Asked about quantities and how much that stock was worth, the source replied: “I've been given a figure of $80 million.”
The old stock is said to be impacting current operations, because it has restricted the amount of space available to house new and incoming stock.
However, The Warehouse neither confirmed nor denied the stock glut was causing problems when asked by The Post.
New chief executive Mark Stirton said the Balmoral Road Bargain Shed was a pop-up store that offered a mix of old and newer stock.
“The site in Mt Eden is owned by the group and is one of several cost-effective initiatives we are testing and learning from to enhance our offer for customers during our peak retail trading season,” Stirton said.
He said the company had inventory of $477m, of which 23.1% was aged ‒ what it deemed more than six months old ‒ compared with 19.9% of aged stock in the year prior.
That aged stock was primarily made up of “continuity products” – and Stirton confirmed that improving “inventory management” was “a key focus” of the group’s turnaround.
The Post was told The Warehouse began to lose its way under the leadership of former permanent chief executive Nick Grayston, and part of the group’s cost-cutting measures come as an attempt to rectify problems stemming back to his time in charge.
Grayston, who has been contacted and did not respond to requests for comment, joined the retail group in late 2015, and abruptly finished up with the company in May 2024. At the time the company’s board shared few details, except saying that he had left immediately and a 'change in direction is necessary for the company”.
Grayston previously worked for US department store Sears.
The Warehouse has been open about how it “lost focus” and was “too ambitious” with setting previous strategies.
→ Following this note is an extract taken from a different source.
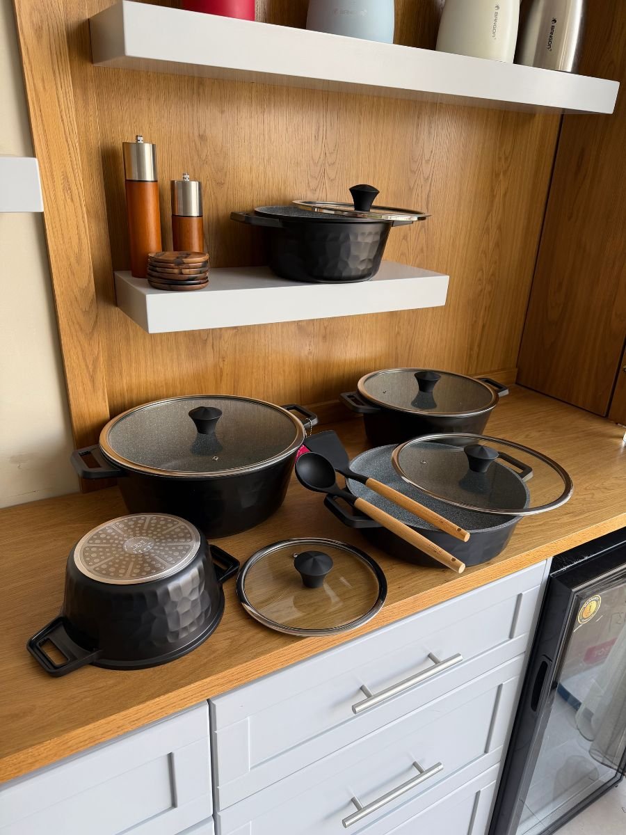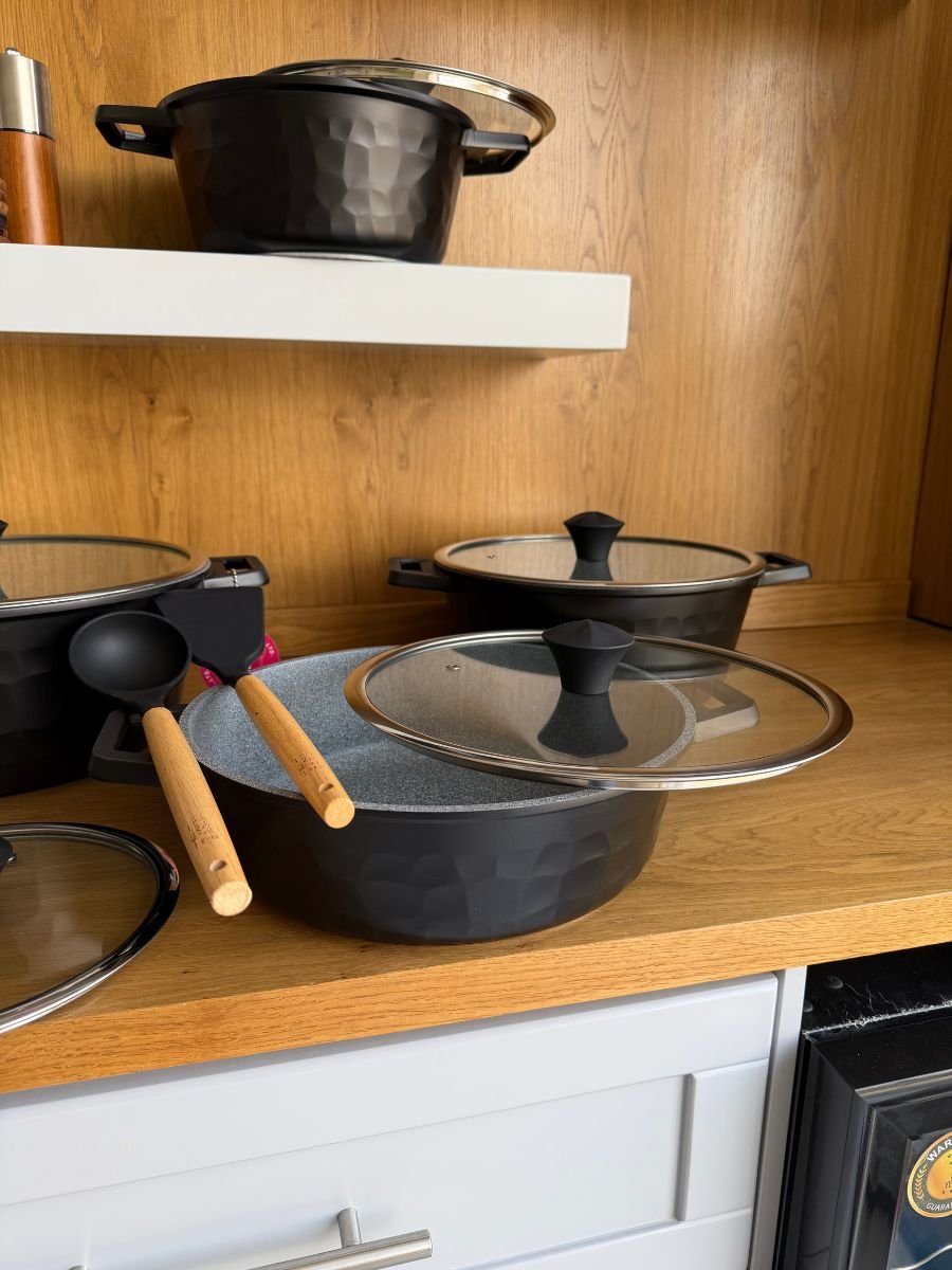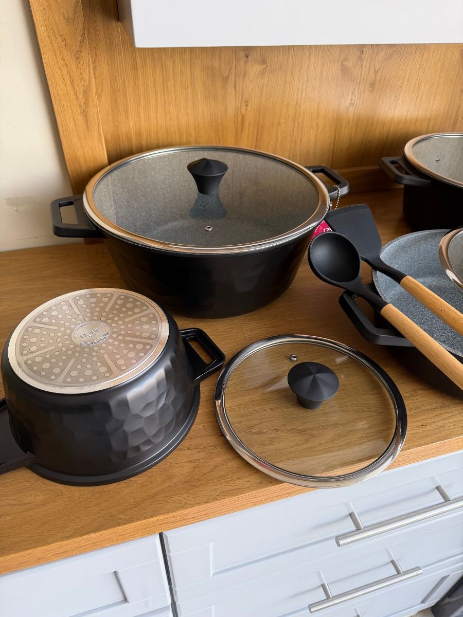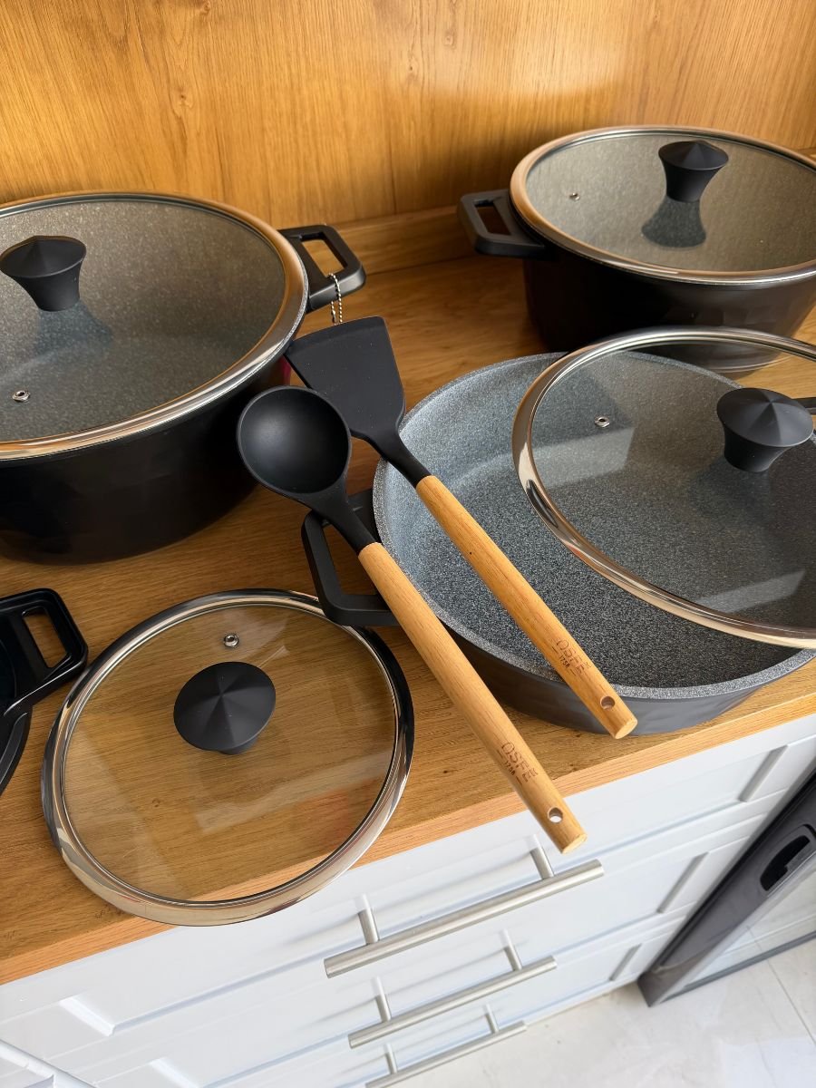 طقم قدور OSE عالي الجودة، مصنوع بطبقة غير لاصقة آمنة وخالية من مادة PFOA، مع طلاء متين من الداخل والخارج لسهولة التنظيف وعمر استخدام طويل. يتميز بجسم سميك يضمن توزيعًا متساويًا للحرارة، ومناسب لمختلف أنواع المواقد. يأتي مع أغطية زجاجية قوية، بالإضافة إلى ملعقتين سيليكون هدية.

It has spent the past year embarking on what it calls a turnaround to reset its product offering, strategy, pricing and organisational restructure to cut costs and win back market share.
This has included partnering with India-based IT and digital conglomerate Tata Consultancy Services to outsource some head office jobs. The offshore outsourcing of jobs through Tata is said to impact a wide range of jobs across its finance, IT, property, shipping and legal departments. Jobs cuts here are expected to be replaced through Tata in India.
The retailer has not confirmed this and would not share any details about its proposals. “As we are so early in this process, we are not in a position to share any specifics around working practices,” a spokesperson for the company said.